Capua-Shenkar, Jenny; Varsano, Neta; Itzhak, Noya-Ruth; Kaplan-Ashiri, Ifat; Rechav, Katya; Jin, Xueting; Niimi, Manabu; Fan, Jianglin; Kruth, Howard S; Addadi, Lia.
Afiliación
  • Capua-Shenkar J; Department of Chemical and Structural Biology, Weizmann Institute of Science, 7610001 Rehovot, Israel.
  • Varsano N; Department of Chemical and Structural Biology, Weizmann Institute of Science, 7610001 Rehovot, Israel.
  • Itzhak NR; Department of Chemical and Structural Biology, Weizmann Institute of Science, 7610001 Rehovot, Israel.
  • Kaplan-Ashiri I; Department of Chemical Research Support, Weizmann Institute of Science, 7610001 Rehovot, Israel.
  • Rechav K; Department of Chemical Research Support, Weizmann Institute of Science, 7610001 Rehovot, Israel.
  • Jin X; Experimental Atherosclerosis Section, NIH, Bethesda, MD 20892.
  • Niimi M; Department of Molecular Pathology, University of Yamanashi, Yamanashi 409-3898, Japan.
  • Fan J; Department of Molecular Pathology, University of Yamanashi, Yamanashi 409-3898, Japan.
  • Kruth HS; Experimental Atherosclerosis Section, NIH, Bethesda, MD 20892.
  • Addadi L; Department of Chemical and Structural Biology, Weizmann Institute of Science, 7610001 Rehovot, Israel.
Proc Natl Acad Sci U S A ; 119(34): e2205475119, 2022 08 23.
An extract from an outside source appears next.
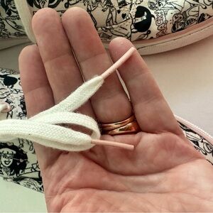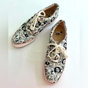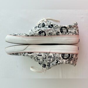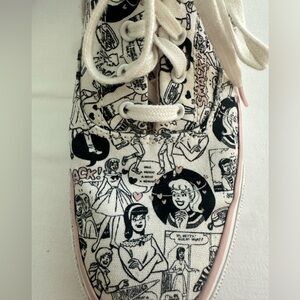 Awesome pair of keds that are perfect for the spring and summer! Lightly used, with minimal signs of wear and lots of life left in them, these black and white Betty and Veronica Archie comic themed sneakers have a very cool old-school vibe! Pink accents, border shoe and grace the end of each shoelace.

Article en En | MEDLINE | ID: mdl-35939716
ABSTRACT
We employed in a correlative manner an unconventional combination of methods, comprising cathodoluminescence, cryo-scanning electron microscopy (SEM), and cryo-focused ion beam (FIB)-SEM, to examine the volumes of thousands of cubed micrometers from rabbit atherosclerotic tissues, maintained in close-to-native conditions, with a resolution of tens of nanometers. Data from three different intralesional regions, at the media-lesion interface, in the core, and toward the lumen, were analyzed following segmentation and volume or surface representation. The media-lesion interface region is rich in cells and lipid droplets, whereas the core region is markedly richer in crystals and has lower cell density. In the three regions, thin crystals appear to be associated with intracellular or extracellular lipid droplets and multilamellar bodies. Large crystals are independently positioned in the tissue, not associated with specific cellular components. This extensive evidence strongly supports the idea that the lipid droplet surfaces and the outer membranes of multilamellar bodies play a role in cholesterol crystal nucleation and growth and that crystal formation occurs, in part, inside cells. The correlative combination of methods that allowed the direct examination of cholesterol crystals and lipid deposits in the atherosclerotic lesions may be similarly used for high-resolution examination of other tissues containing pathological or physiological cholesterol deposits.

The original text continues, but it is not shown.